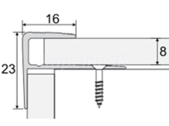 Skrutkovacia hliníková schodová lišta ukončovacia na laminát a plávajúce podlahy do hrúbky 8 mm.
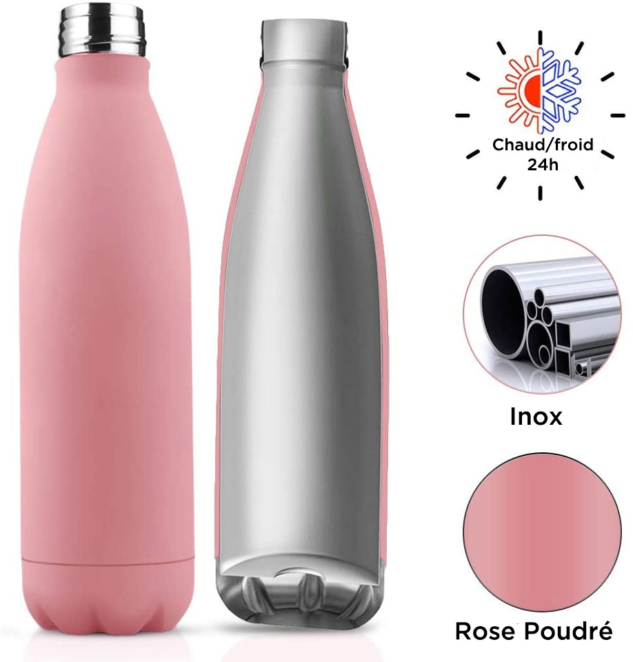 - Bonne étanchéité : Conception spéciale anti-fuites et totalement hermétique pour son bouchon. votre bouteille isotherme inox rose est facilement transportable dans votre sac à main, aucune fuite à prévoir.
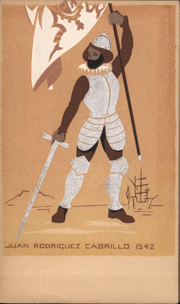 Front: JUAN RODRICUEZ CABRILLO 1542 MASEN Back: View of SANTA BARBARA, California HAND MADE Original Serigraph PUBLISHED BY M. A. SHEEHAN, TOPANGA, CALIFORNIA -
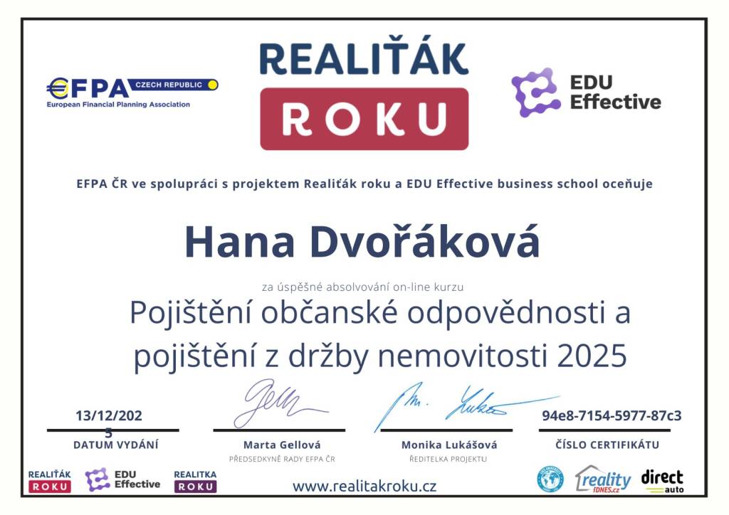 S pani Dvorakovou jsme byli velmi spokojeni. Prakticky kdykoliv byla na telefon, komunikace v poradku, domluva perfektni. I kdyz nas prodej domu a v navaznosti na to koupe druhejo byla dost narocna, tak jsme to dotahli do konce. Moc dekuji a v budoucnu se rada znovu obratim. Dekuji
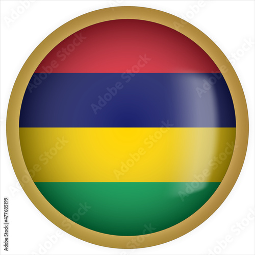 Fototapeta premium Mauritius 3D rounded Flag Button Icon with Gold Frame
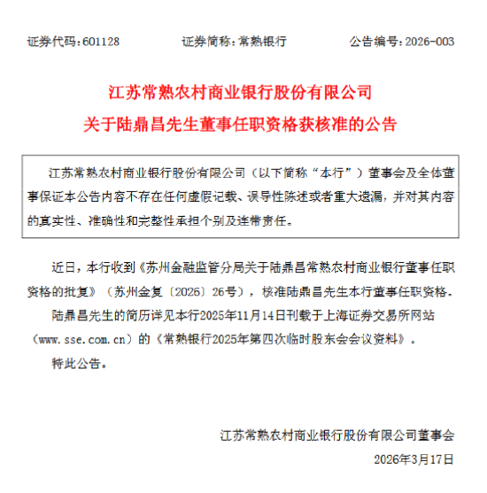 3月17日金融一线消息,常熟银行今日发布公告称,近日该行收到《苏州金融监管分局关于陆鼎昌常熟农村商业银行董事任职资格的批复》(苏州金复〔2026〕26号),核准陆鼎昌该行董事任职资格。
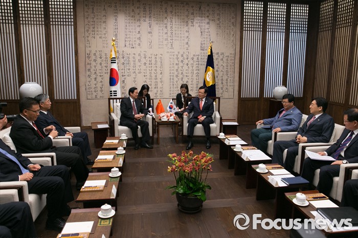(서울=포커스뉴스) 싱크탱크 '새 한국의 비전'을 준비 중인 정의화(오른쪽) 국회의장이 23일 오후 서울 여의도 국회에서 류치바오 중국 공산당 중앙선전부장을 접견, 면담을 하고 있다. 정 의장은 지난 19일 본회의를 마친 뒤 유승민 무소속 의원과 독대한 것으로 알려져 관심을 모으고 있다.
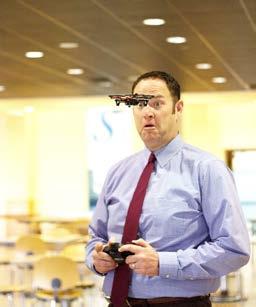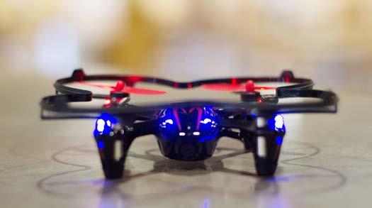 The tiny flying drone owned by the college sits awaiting takeoff on a tabletop in the Batten Student Center. BY ASHLEY KLINE aakline@vwc.edu
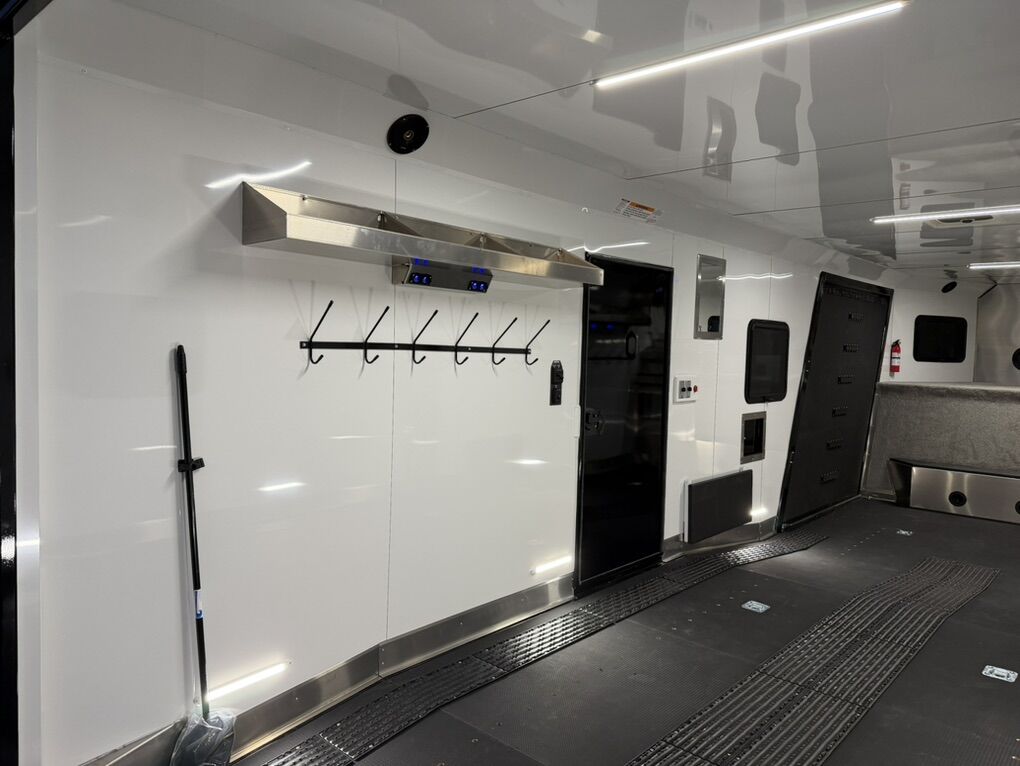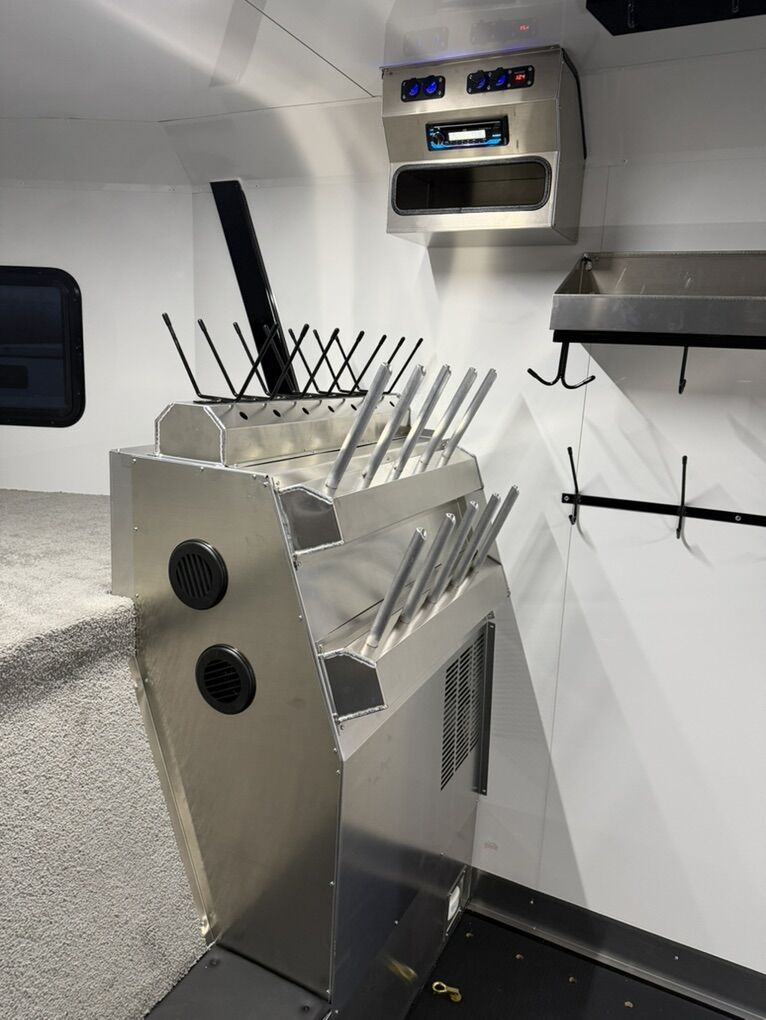 40K BTU Forced Air Furance w/Track Melt Kicker Audio Stereo System (2) Fold Down Benches Electric Jack (2) Batteries 6V 110 V Outlets Converter / Charger Traction Blocks Ducted Heat Pkg. Ski-Gluides on Ramps and Cargo Area Mirror Lower Lighting Paper Towl / Rack Cabient Onesie Rack Storage Cabinet
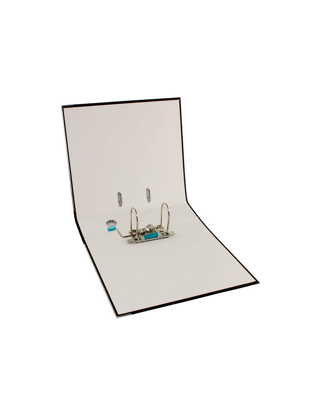 Archivador de palanca fabricado en cartón forrado en PVC en el exterior y papel en el interior. Con cantoneras metálicas, ollao, Rado® y tarjetero en el lomo con etiqueta. Lomo de 80 mm.

☆ ☆ ☆ ☆ ☆

* Exercise:
With the pictures omitted, print the lines above exactly, beginning at the line with "Front: JUAN RODRICUEZ" and going on through the line with "3月17日金融一线消息,常熟".

* Answer to this task:
 Front: JUAN RODRICUEZ CABRILLO 1542 MASEN Back: View of SANTA BARBARA, California HAND MADE Original Serigraph PUBLISHED BY M. A. SHEEHAN, TOPANGA, CALIFORNIA -
 S pani Dvorakovou jsme byli velmi spokojeni. Prakticky kdykoliv byla na telefon, komunikace v poradku, domluva perfektni. I kdyz nas prodej domu a v navaznosti na to koupe druhejo byla dost narocna, tak jsme to dotahli do konce. Moc dekuji a v budoucnu se rada znovu obratim. Dekuji
 Fototapeta premium Mauritius 3D rounded Flag Button Icon with Gold Frame
 3月17日金融一线消息,常熟银行今日发布公告称,近日该行收到《苏州金融监管分局关于陆鼎昌常熟农村商业银行董事任职资格的批复》(苏州金复〔2026〕26号),核准陆鼎昌该行董事任职资格。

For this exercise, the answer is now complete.